You are reading all rows into a list, then processing that list. Don't do that.

Process your rows as you produce them. If you need to filter the data first, use a generator function:

import csv

def getstuff(filename, criterion):
    with open(filename, "rb") as csvfile:
        datareader = csv.reader(csvfile)
        yield next(datareader)  # yield the header row
        count = 0
        for row in datareader:
            if row[3] == criterion:
                yield row
                count += 1
            elif count:
                # done when having read a consecutive series of rows 
                return

I also simplified your filter test; the logic is the same but more concise.

Because you are only matching a single sequence of rows matching the criterion, you could also use:

import csv
from itertools import dropwhile, takewhile

def getstuff(filename, criterion):
    with open(filename, "rb") as csvfile:
        datareader = csv.reader(csvfile)
        yield next(datareader)  # yield the header row
        # first row, plus any subsequent rows that match, then stop
        # reading altogether
        # Python 2: use `for row in takewhile(...): yield row` instead
        # instead of `yield from takewhile(...)`.
        yield from takewhile(
            lambda r: r[3] == criterion,
            dropwhile(lambda r: r[3] != criterion, datareader))
        return

You can now loop over getstuff() directly. Do the same in getdata():

def getdata(filename, criteria):
    for criterion in criteria:
        for row in getstuff(filename, criterion):
            yield row

Now loop directly over getdata() in your code:

for row in getdata(somefilename, sequence_of_criteria):
    # process row

You now only hold one row in memory, instead of your thousands of lines per criterion.

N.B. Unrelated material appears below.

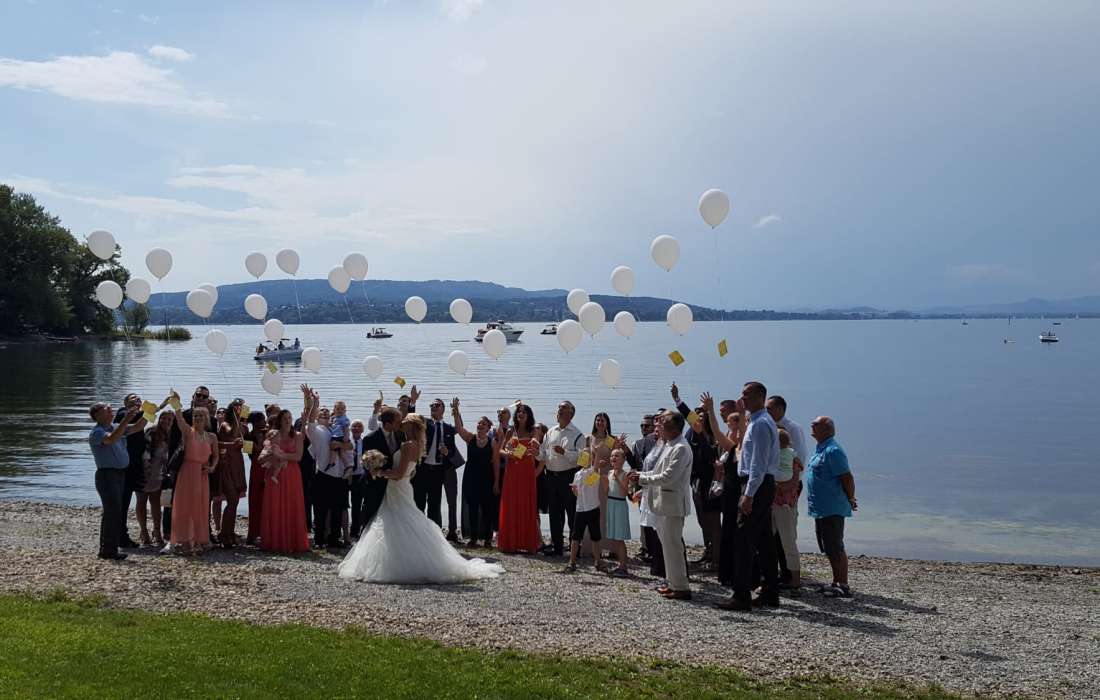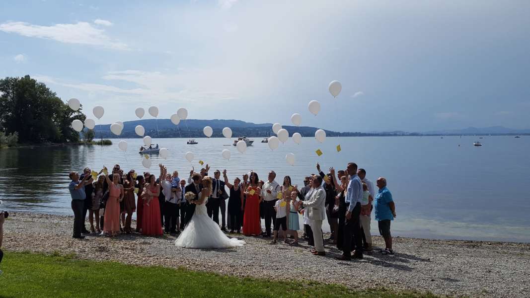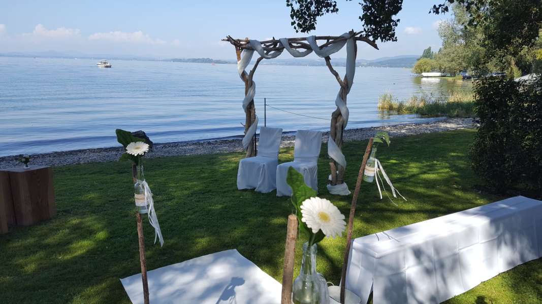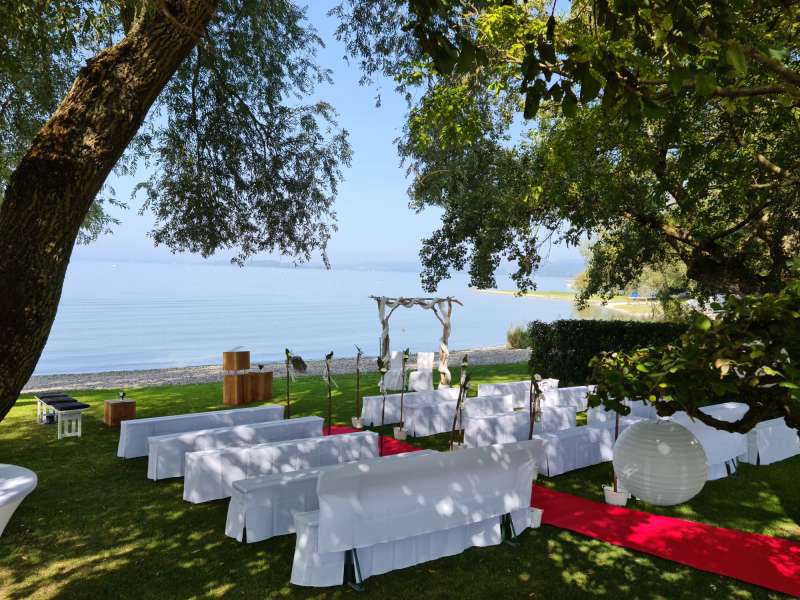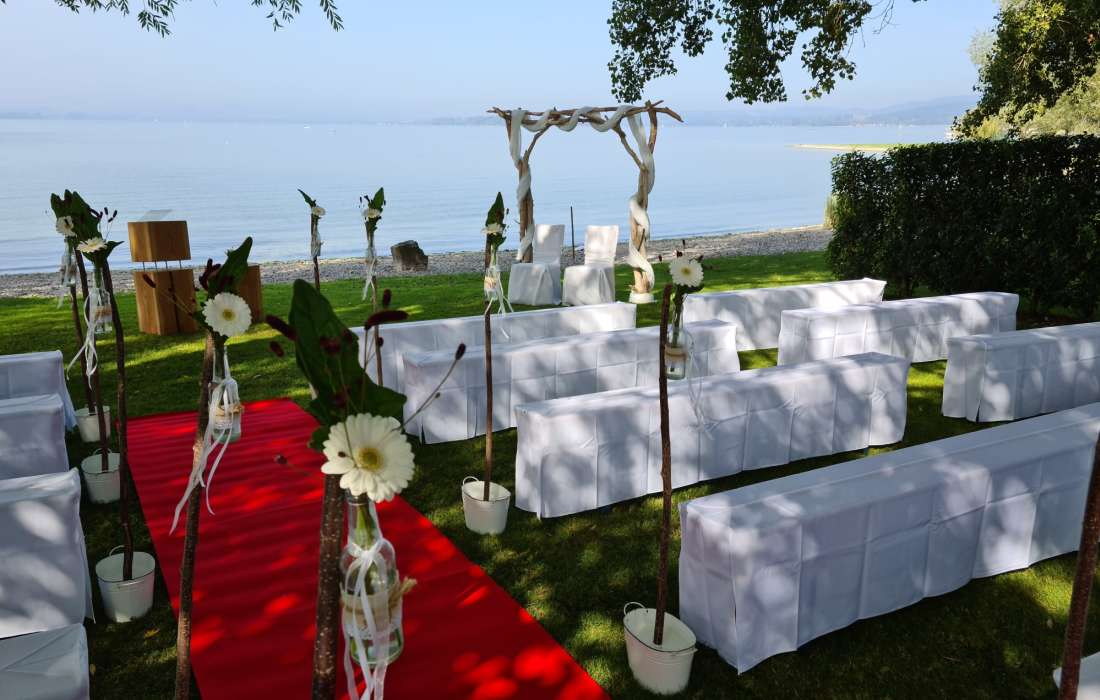Im zauberhaften Ambiente und am direkten Ufer des Bodensees stellen wir Ihnen die komplette Infrastruktur für Ihre Trauzeremonie. Ein Traubogen, weiße Bänke mit Hussen, ein weißer/roter Teppich und festliche Dekoration wie Weinfässer, Holzherzen, Lampions usw. verzaubern den Strand in eine märchenhafte Traulocation.

yield makes a function a generator function, which means it won't do any work until you start looping over it.

Solution 2

Although Martijin's answer is prob best. Here is a more intuitive way to process large csv files for beginners. This allows you to process groups of rows, or chunks, at a time.

import pandas as pd
chunksize = 10 ** 8
for chunk in pd.read_csv(filename, chunksize=chunksize):
    process(chunk)

Solution 3

I do a fair amount of vibration analysis and look at large data sets (tens and hundreds of millions of points). My testing showed the pandas.read_csv() function to be 20 times faster than numpy.genfromtxt(). And the genfromtxt() function is 3 times faster than the numpy.loadtxt(). It seems that you need pandas for large data sets.

I posted the code and data sets I used in this testing on a blog discussing MATLAB vs Python for vibration analysis.

Solution 4

For someone who lands to this question. Using pandas with ‘chunksize’ and ‘usecols’ helped me to read a huge zip file faster than the other proposed options.

import pandas as pd

sample_cols_to_keep =['col_1', 'col_2', 'col_3', 'col_4','col_5']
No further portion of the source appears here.